• **Work required**
The line containing "3°/ Modifie les" marks the end; write out exactly every line from the start of the data up to and including it, without the pictures.

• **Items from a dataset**

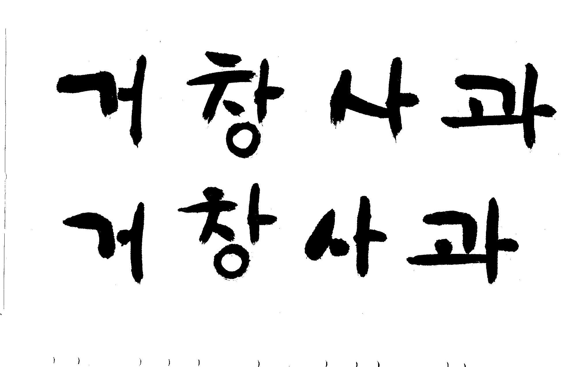 캘리 부탁드립니다. 김철호 일반 0 9636 2008.12.29 16:02 > > 안녕하세요? > 전문대 졸업하고 편집일 하다가 > 얼마전에 패키지쪽으로 이직했습니다. > '거창사과'라고 박스 디자인 주문이 왔는데요 > 일반적인 서체를 사용하니 기존 박스랑 별 차이가 없네요 > 많이 바쁘시겠지만 '거창사과' 캘리 부탁드립니다. > 유용하게 쓰시길..
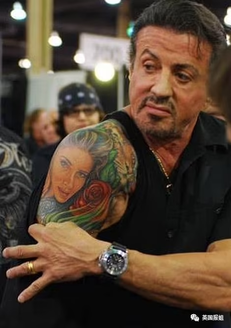 他右手臂上原本纹了一个妻子Jennifer的巨大头像,四周花团锦簇。
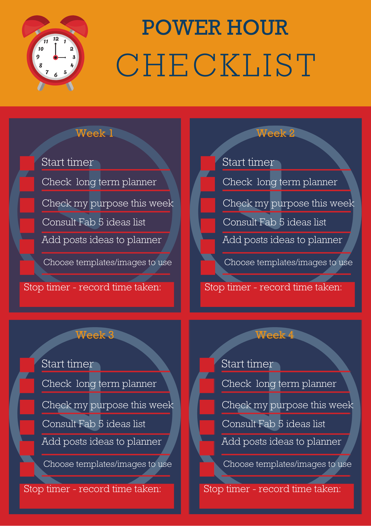 This week I am introducing the ‘power hour process’ as a helpful approach. It is designed to speed up the time it takes you to get a weeks worth of social media posts planned and ready to go for your business. As mentioned in the Week 3 video and handout, I’ve got two templates to share with you below. Use the week planner to sketch out your ‘ideal’ week of posts: use this each week to jot down what you want to post about. Use the power hour checklist to help you motor through those social media prep tasks in record time each week. Log your time - and aim to improve each week.
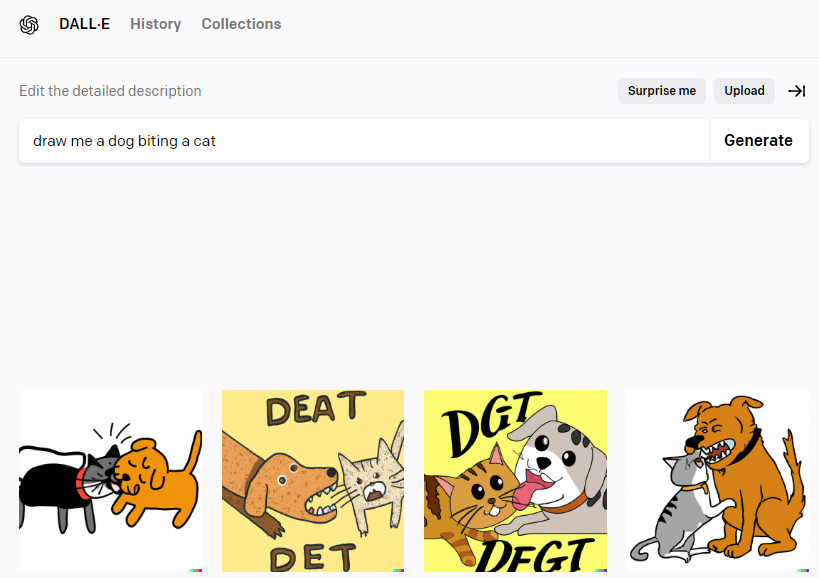 결과: 고양이에게 뽀뽀해주는 멍멍이 그림, 대치 중인 개와 고양이 그림, 사이좋은 개와 고양이 그림, 고양이를 무는 것 같은 멍멍이 그림으로 보이는 그림 하나
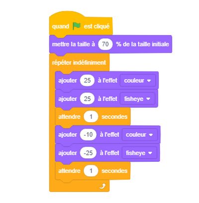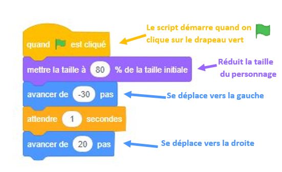 3°/ Modifie les nombres dans les blocs avancer pour modifier le déplacement Répète ces 3 étapes pour faire se déplacer d'autres personnages
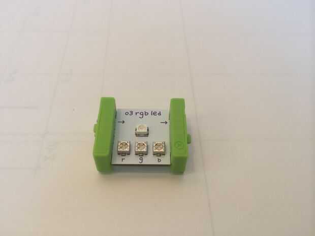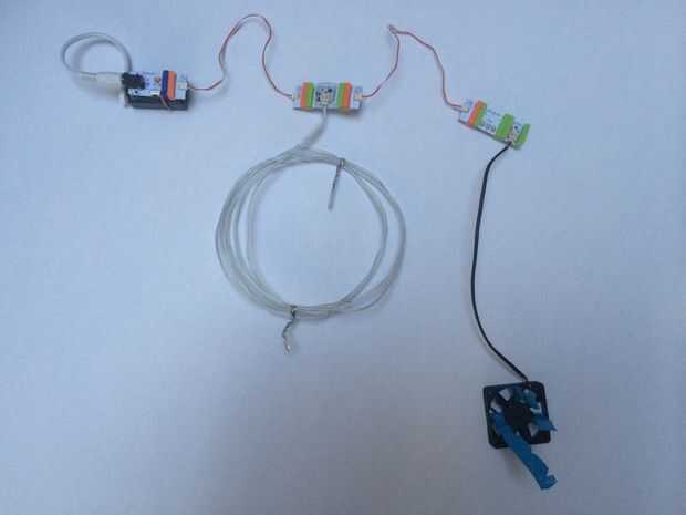 Construir circuito de Pequeños pedacitos como se muestra en la foto con el ventilador, cable x2, cable luz, LED RBG y una fuente de energía. Establecer el pequeño LED RBG de Bits para los colores que te gusta.
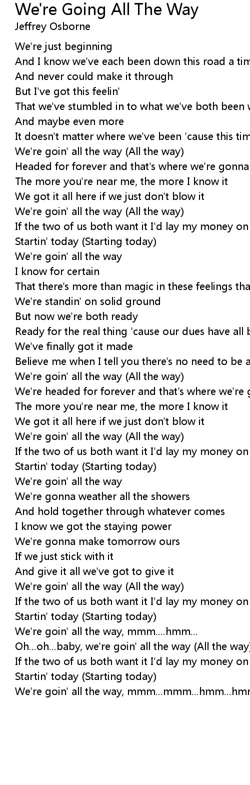 We're goin' all the way, mmm...mmm...hmm...hmm...ooh...hoo... |
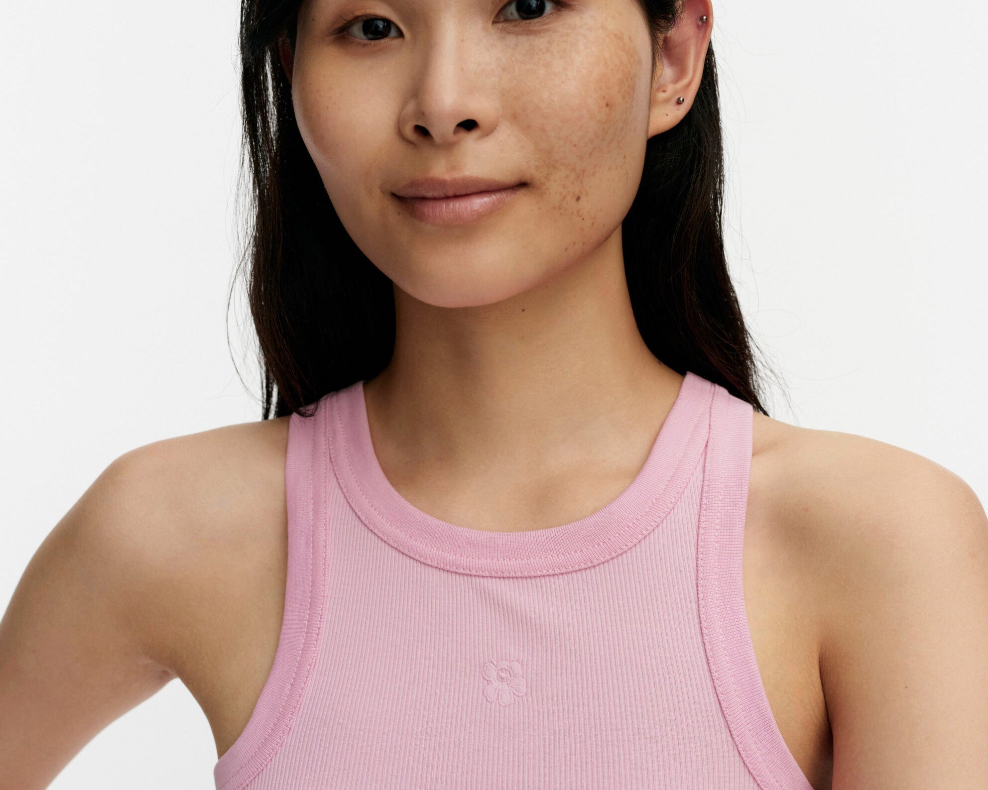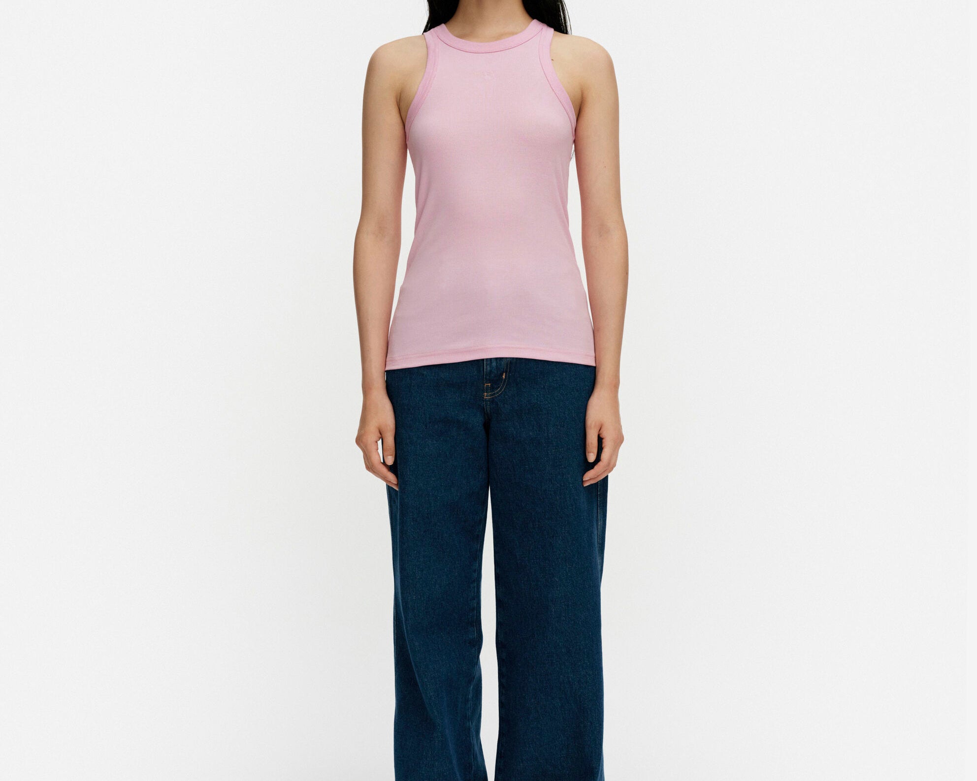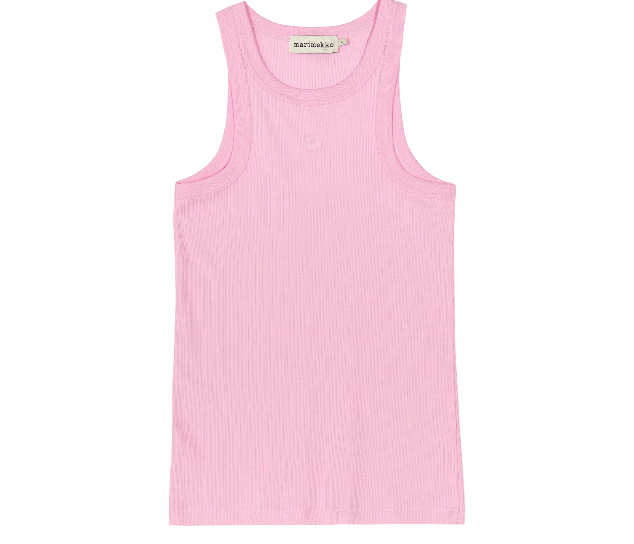 The Kupla ribbed top has a slim fit and a small embroidered Unikko flower on the chest. The U-neckline and armholes are finished with a ribbed edge.
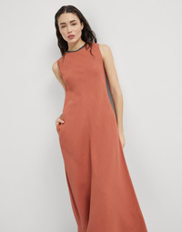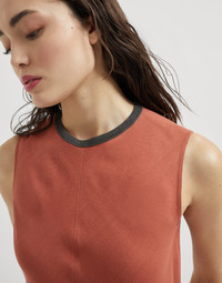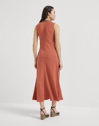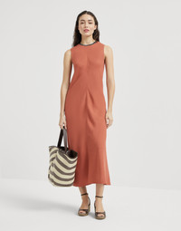 Fluid lines and feminine elegance define this viscose and linen fluid twill dress. The style features a fitted waist and then opens into a slight flare at the bottom, giving the harmonious silhouette a sense of movement and lightness. A refined shiny monili embroidery enriches the crew-neck with a delicate sparkle in true Brunello Cucinelli style. MATERIALS The combination of viscose and linen gives this twill a lightweight, flowing yet slightly crushed appearance. The characteristics of the fabric are further highlighted by the nuanced color variations. DETAILS Crew-neck Zip opening at back of neck Vertical front pockets Unlined Nickel-free monili decoration 72% VISCOSE, 28% LINEN
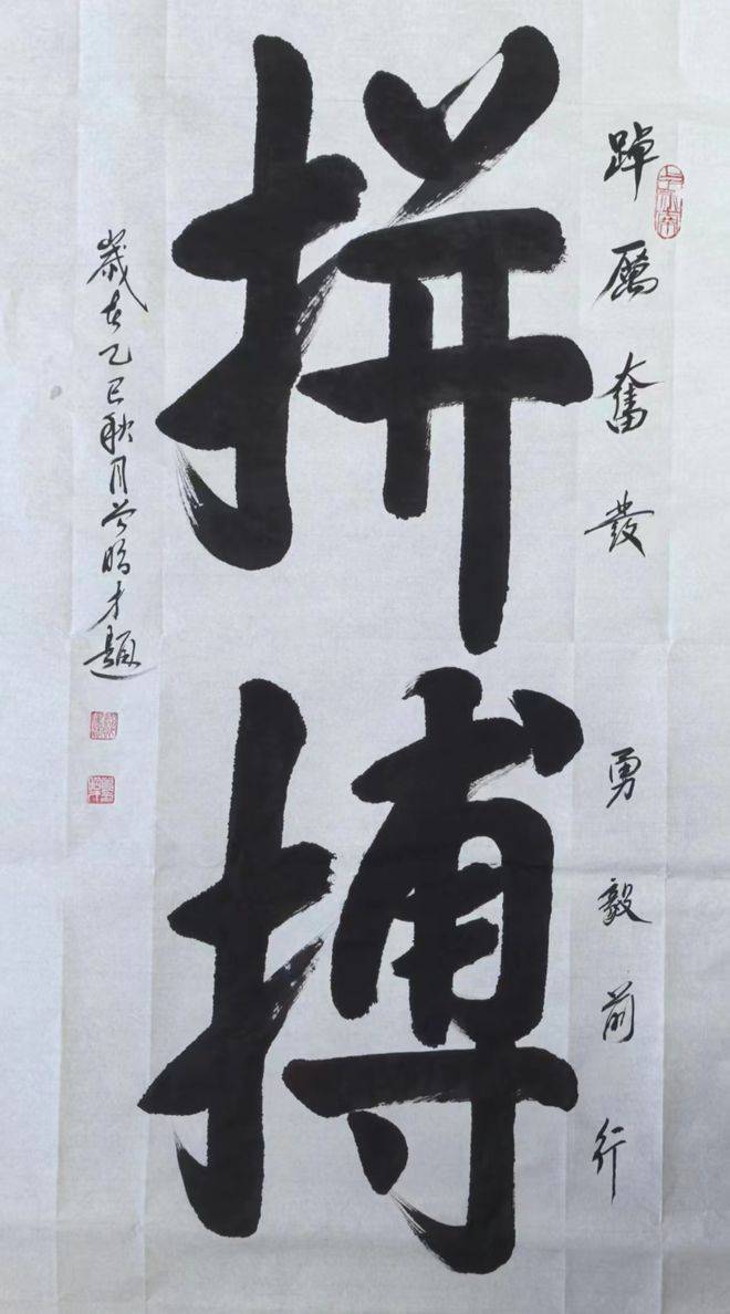 他为基层文化广场、图书馆、农家书屋创作并赠送大量书法作品,将对党的热爱、对人民的深情、对祖国的赞颂融入笔墨之中。从历史古迹的文化熏陶到田间地头的生活感悟,这些丰富的实践经历为他的创作注入了源源不断的活力,使他的作品既有文化厚度,又有生活温度,能够引发观者的强烈共鸣。正如他所说,书法艺术不仅是修身养性之具,更要成为连接群众、传递美好的桥梁。
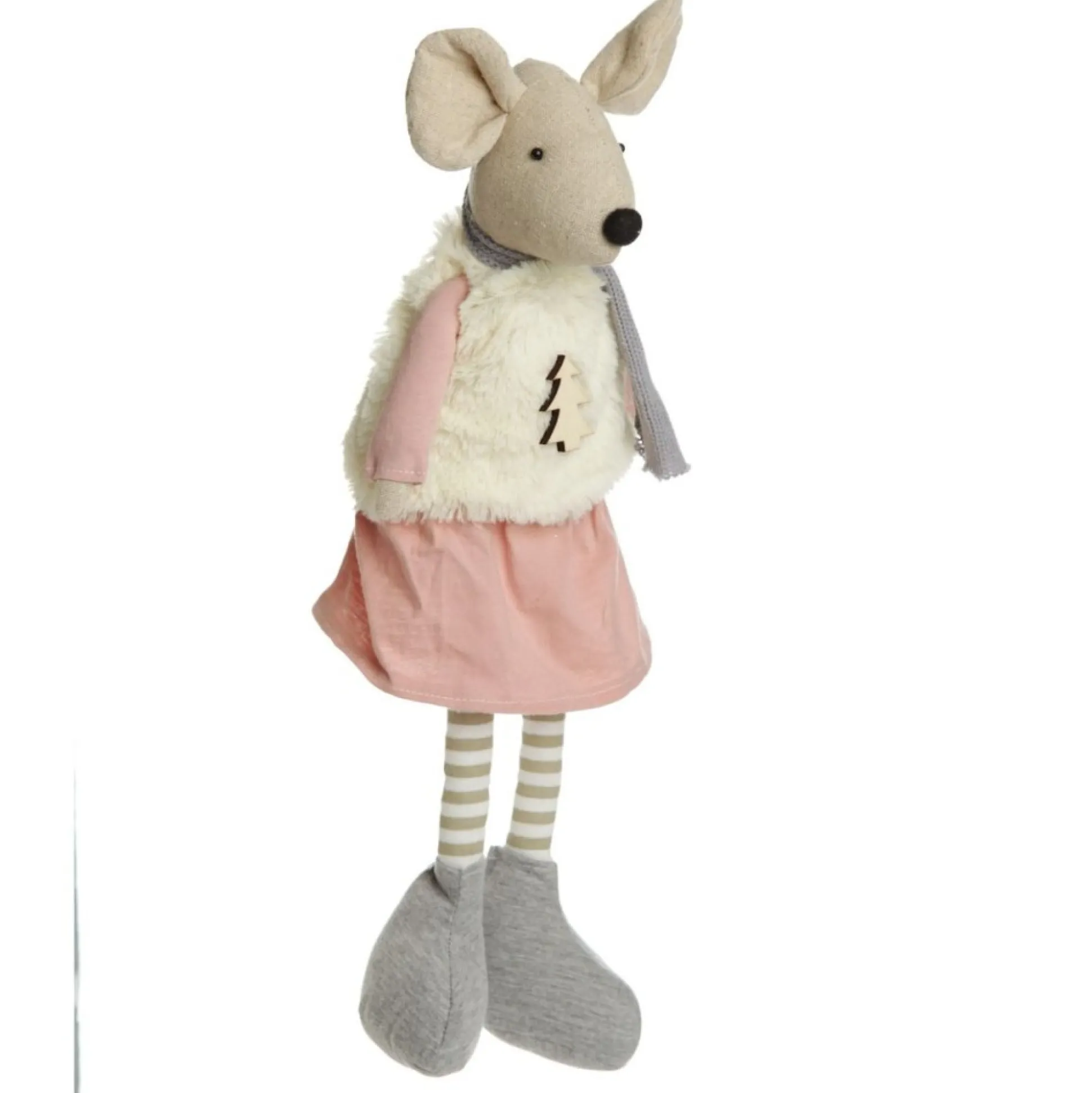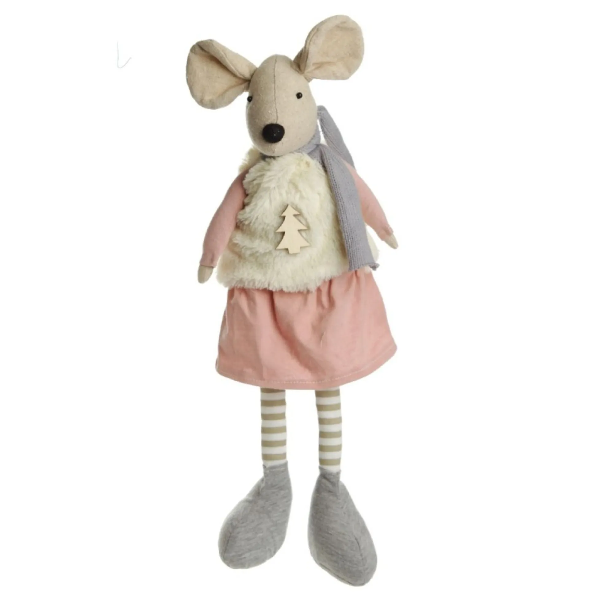 Add Adorable Woodland Charm To Your Home This Christmas With This Delightful Natural Calico Fabric Girl Mouse Grey And Pink. This Adorable Girl Mouse Is Made From Natural Calico And Is Wearing A Delightful Furry Vest Adorned With A Christmas Tree And A Dusty Pink Dress. The Body Is Slightly Weighted To Allow This Cutie To Be Sat On A Shelf Or Mantel.

• **Exercise answer**
 캘리 부탁드립니다. 김철호 일반 0 9636 2008.12.29 16:02 > > 안녕하세요? > 전문대 졸업하고 편집일 하다가 > 얼마전에 패키지쪽으로 이직했습니다. > '거창사과'라고 박스 디자인 주문이 왔는데요 > 일반적인 서체를 사용하니 기존 박스랑 별 차이가 없네요 > 많이 바쁘시겠지만 '거창사과' 캘리 부탁드립니다. > 유용하게 쓰시길..
 他右手臂上原本纹了一个妻子Jennifer的巨大头像,四周花团锦簇。
 This week I am introducing the ‘power hour process’ as a helpful approach. It is designed to speed up the time it takes you to get a weeks worth of social media posts planned and ready to go for your business. As mentioned in the Week 3 video and handout, I’ve got two templates to share with you below. Use the week planner to sketch out your ‘ideal’ week of posts: use this each week to jot down what you want to post about. Use the power hour checklist to help you motor through those social media prep tasks in record time each week. Log your time - and aim to improve each week.
 결과: 고양이에게 뽀뽀해주는 멍멍이 그림, 대치 중인 개와 고양이 그림, 사이좋은 개와 고양이 그림, 고양이를 무는 것 같은 멍멍이 그림으로 보이는 그림 하나
 3°/ Modifie les nombres dans les blocs avancer pour modifier le déplacement Répète ces 3 étapes pour faire se déplacer d'autres personnages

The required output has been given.